Cierta comedia de un Jardiel Poncela que no respeto como escritor consigna el caso de Edgardo, cincuentón que un mal día, al resultado de una decepción amorosa, decidió nunca más levantarse de la cama, donde llevó a cabo su vida de todos los días, hasta que cierta noche…
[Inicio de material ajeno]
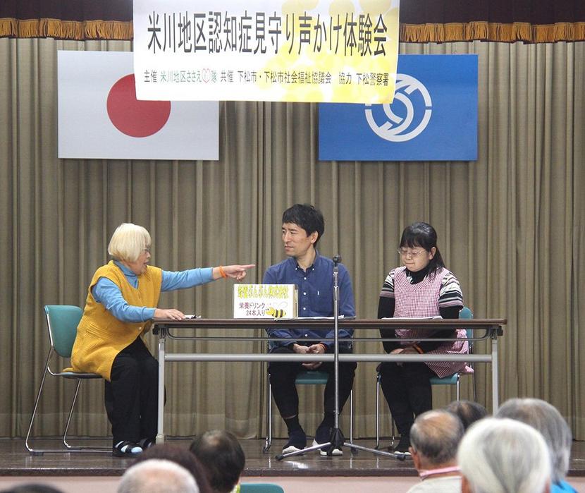 下松市が公民館区単位で毎年持ち回りで開いている「認知症見守り声かけ体験会」が7日、米川公民館で開かれ、認知症の正しい理解や見守り、声かけの方法を地区住民約50...
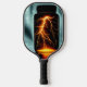 Cool digital art pickleball paddle features a dramatic glowing lightning strike inside a closed jar. The proverbial lightning in a bottle...just like your swing.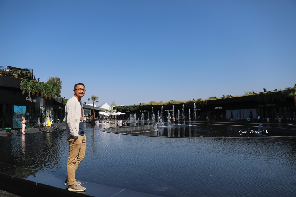 正如英文名字,一棟棟雪白的三角斜頂店面相連,背後設計是想要重現滑雪勝地伊澤爾(Isère)的法國傳統村莊氛圍,除了 78 棟白色斜頂、高約 6 米的木屋造型店面,還打造了人工湖泊、中央廣場並種植了 750 株成熟樹木及 46 萬棵植物與灌木來營造大自然的環境,有意思是入口處一排的黑色建築體,要表現的是傳統法國村莊的城牆,與裡頭白色木屋及盎然綠意呈現了明顯對比。而為了將客人留到晚上,白天帶點禪風的人工湖泊,到了夜晚還會上演由太陽馬戲團設計的水舞及燈光秀!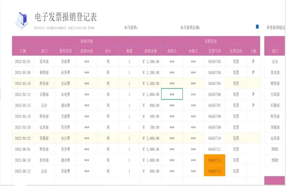 6. 电子发票报销智能登记表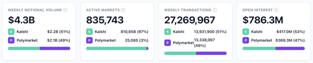 Open interest tells an interesting divergence story. Combined open interest across both platforms jumped to $786.3 million, with Kalshi at $417 million (53%) and Polymarket at $369.3 million (47%). But the trajectories this week went in opposite directions: Kalshi’s open interest ticked up modestly (+1.6%) while Polymarket’s dipped slightly (-1.7%) after last week’s 34.9% surge. But the overall trend remains upward for both.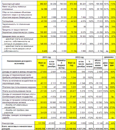 В данной таблице предоставлен анализ налоговых и неналоговых поступлений в областной бюджет.

Leí de la chifladura del sabio aquel, personaje incidental de Mascaró, el cazador americano, novela de Haroldo Conti, que lo llevó a perfeccionar una bicicleta voladora con la que se dio a vivir en las alturas y desde su eminencia regodearse en orinar a los viandantes. Y qué decir del protagonista de El barón rampante, novela de Italo Calvino, al que pega la chifladura de vivir trepado a los árboles del bosque cercano a la ciudad, y ahí llevar una vida social «normal”, sin nunca volver a poner un pie en tierra. Excéntrico.
Oskar, personaje de El tambor de hojalata, de Günter Grass; un día a sus diez años de edad, decide nunca crecer, y es así como de adolescente transcurre su tiempo vital. En plena chifladura, El licenciado Vidriera, de Cervantes, se cree forjado de vidrio, y toda su vida se cuida de que nadie lo vaya a romper. Y a esto quería yo llegar.
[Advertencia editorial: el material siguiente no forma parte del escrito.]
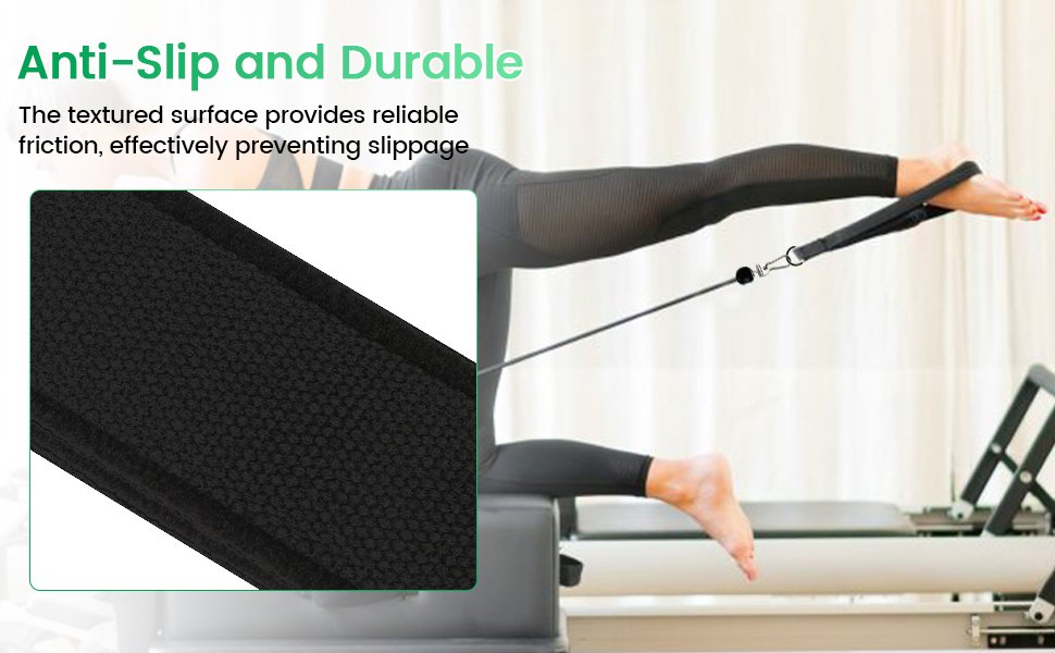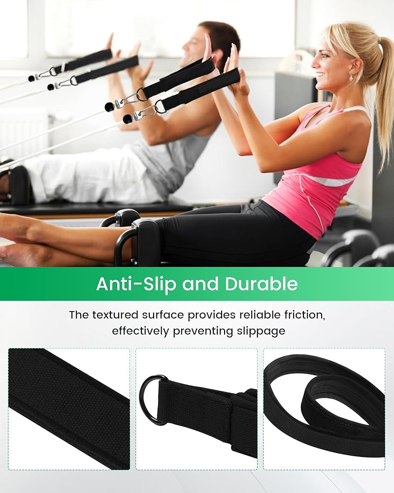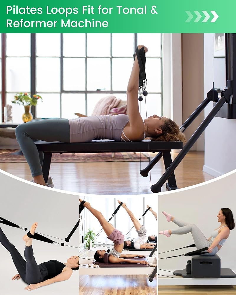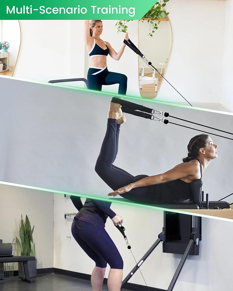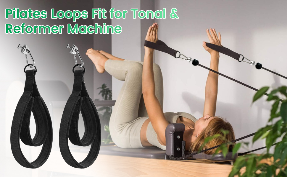 توافق واسع: تتضمن حلقات البيلاتس محول قفل T، وخطافات W/Snap، وأشرطة على شكل حرف D، مما يجعلها متوافقة تمامًا مع المدربين اللونيين، ومعدات الإصلاح والبيلاتس؛ تصميمه خفيف الوزن وقابل للحمل يجعله مثاليًا للاستخدام في المنزل أو صالة الألعاب الرياضية أو السفر.

A ese otro, mis valedores, yo no le pido que de repente se sienta de vidrio y viva temeroso de que algún desesperado me lo vaya a quebrar. Cómo pedirle que se encarame hasta la punta de una columna y ahí se engarrote, de hinojos y en oración, hasta que muera. No le voy a pedir que de súbito decida atornillarse a su cama y que desde la cama contemple el transcurso de los episodios nacionales, sin más. No le habré de suplicar que se encarame en algún armatoste volador, porque desde allá arriba seguiría emporcándonos con sus desechos corporales. No. Yo, del tal…
Del tal sólo hubiera querido que, al modo de Bartleby, y tan medianejo como él, tuviese los ríñones que de pronto le salieron al escribano, de modo tal que cuando el gringo le impuso esa Iniciativa Mérida, los agentes de la DEA o los contratos en PEMEX él, de repente varón de tamaños, a las exigencias de Washington hubiese replicado: “Prefería no hacerlo”.
De él quisiera que, al contrario de El barón rampante, ya se bajara de la copa, la de Los Pinos, que no están para sus pinitos políticos, y que por fin dejara de andarse por las ramas. Y lo mejor de lo mejor:
Que al igual que los monjes cenobitas, de aquí a diciembre hablara con las neuronas, no con las glándulas salivales. Que por aquello de que ya nadie lo toma en cuenta dejara de hacerse notar opinando, declarando, recalando, reculando, acosando, acusando, atacando, atracando, desdiciéndose. Que pensara para hablar y no hablara para pensar y darnos a todos en qué pensar, y alarmarnos, y detestar esa salivosa diarrea que a todos salpica. Que resistiera la compulsión. ¿Imposible? Ariel, mi hijo psicoanalista, pudiera auxiliarlo. Ansiolíticos retroalimentados. Una trepanación, cuando menos. Silencie esa vocecita, que su tiempo ya feneció. (Cállese.)